The data:
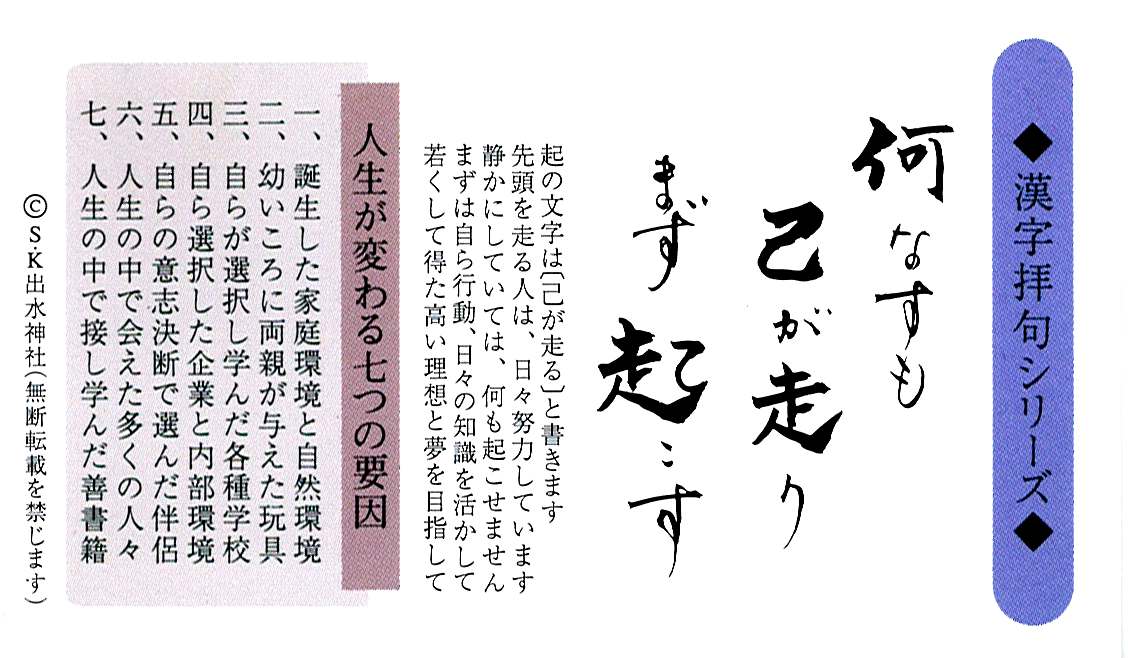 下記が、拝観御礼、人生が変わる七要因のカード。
* * *
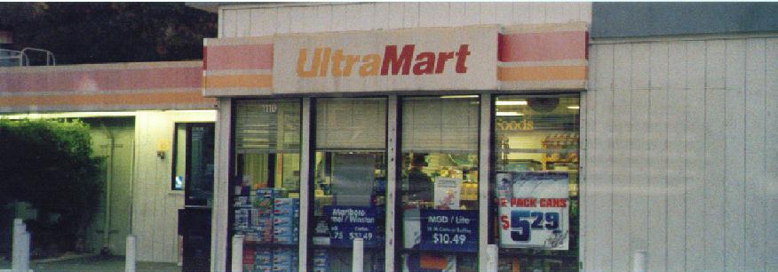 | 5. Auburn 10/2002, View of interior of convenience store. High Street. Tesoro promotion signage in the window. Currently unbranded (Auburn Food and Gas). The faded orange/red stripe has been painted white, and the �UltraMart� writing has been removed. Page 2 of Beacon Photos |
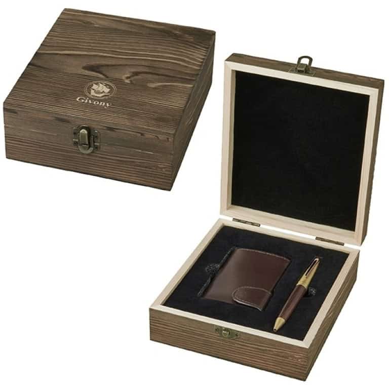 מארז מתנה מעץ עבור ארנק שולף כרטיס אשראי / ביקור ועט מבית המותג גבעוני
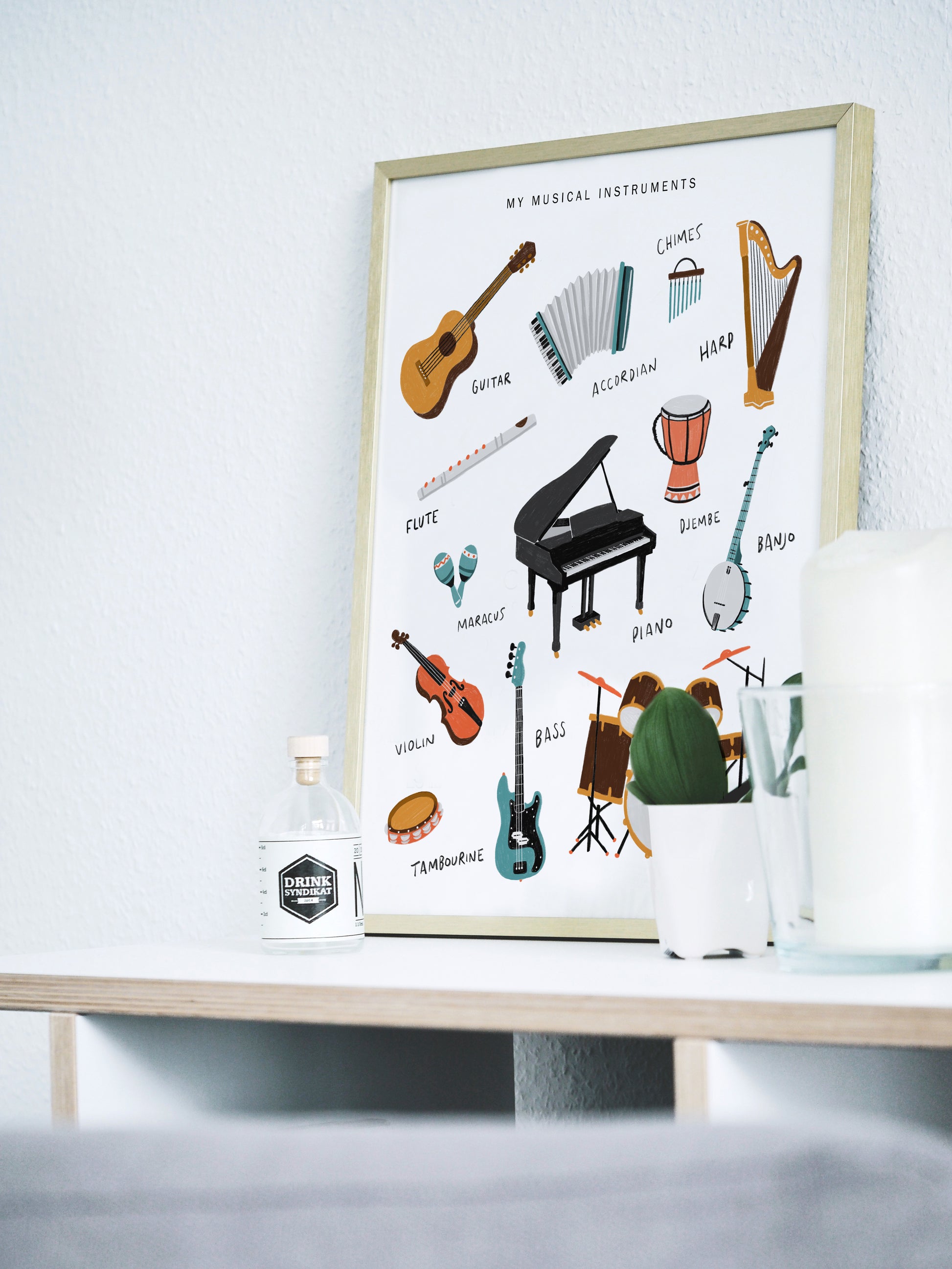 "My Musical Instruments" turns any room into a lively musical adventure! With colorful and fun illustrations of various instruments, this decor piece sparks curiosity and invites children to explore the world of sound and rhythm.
...
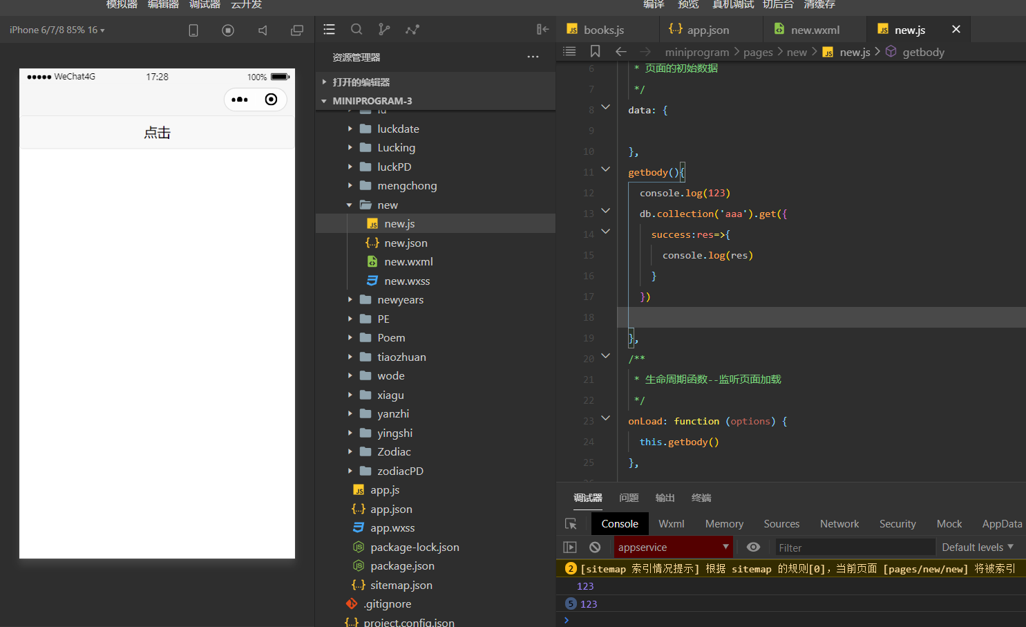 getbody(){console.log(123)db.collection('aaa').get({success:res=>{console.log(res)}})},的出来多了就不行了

Brief: Starting with the line that contains "מארז מתנה מעץ" and finishing with the line that contains "sound and rhythm.", reproduce every line of the material above exactly, but not the pictures.

Result for this exercise:
 מארז מתנה מעץ עבור ארנק שולף כרטיס אשראי / ביקור ועט מבית המותג גבעוני
 "My Musical Instruments" turns any room into a lively musical adventure! With colorful and fun illustrations of various instruments, this decor piece sparks curiosity and invites children to explore the world of sound and rhythm.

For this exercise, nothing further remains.